→ ABOUT THIS EXERCISE
Word for word, please restate the line that contains "Voicyのプレミアムリスナ" and all lines after it through the end of the material, minus the pictures.

→ DATA BLOCK
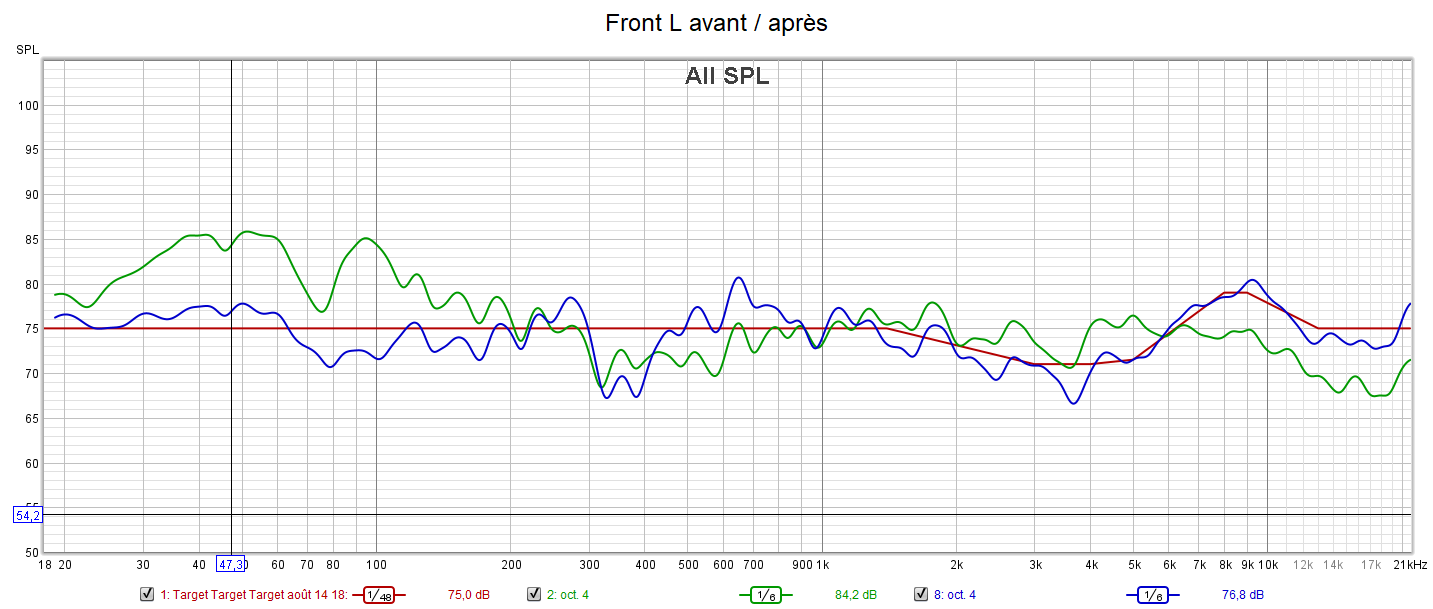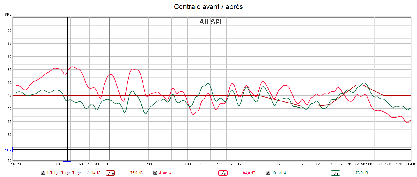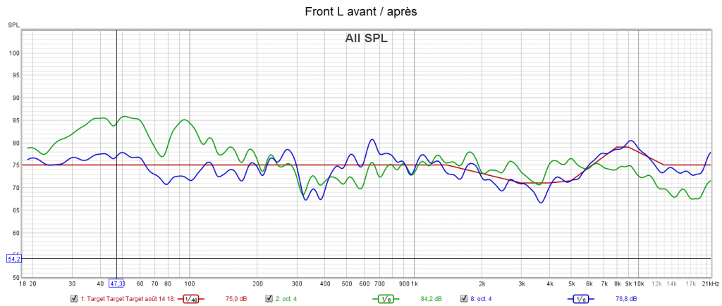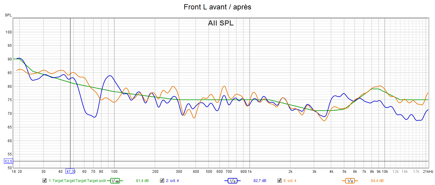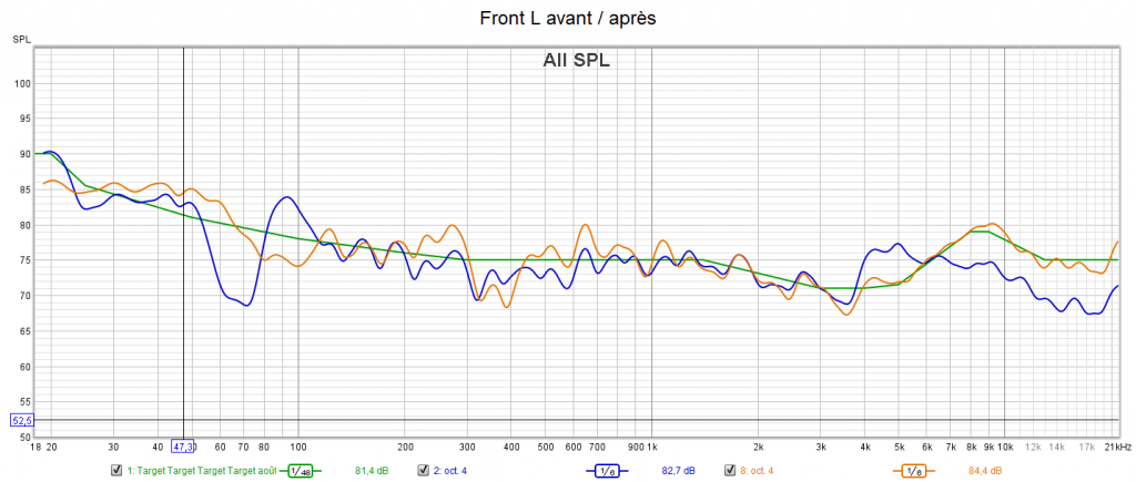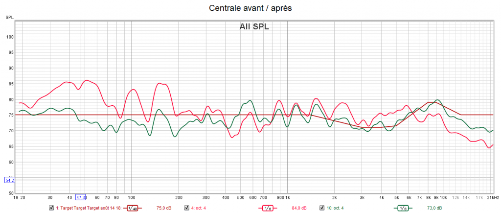 Ci-dessous la correction de la frontale gauche et la centrale en home cinéma puis les frontales gauche et droite en HiFi 5.1.
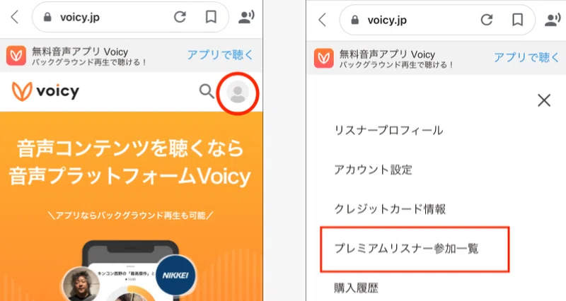 Voicyのプレミアムリスナーに申し込む方法は、「Webから登録」と「アプリから登録」の2種類あります。
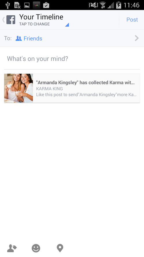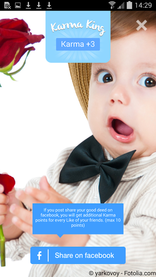 ✓ If you do good deeds in your everyday life, you can share them as a picture or text on Facebook or just within Karma King.

→ EXPECTED ANSWER
 Voicyのプレミアムリスナーに申し込む方法は、「Webから登録」と「アプリから登録」の2種類あります。
 ✓ If you do good deeds in your everyday life, you can share them as a picture or text on Facebook or just within Karma King.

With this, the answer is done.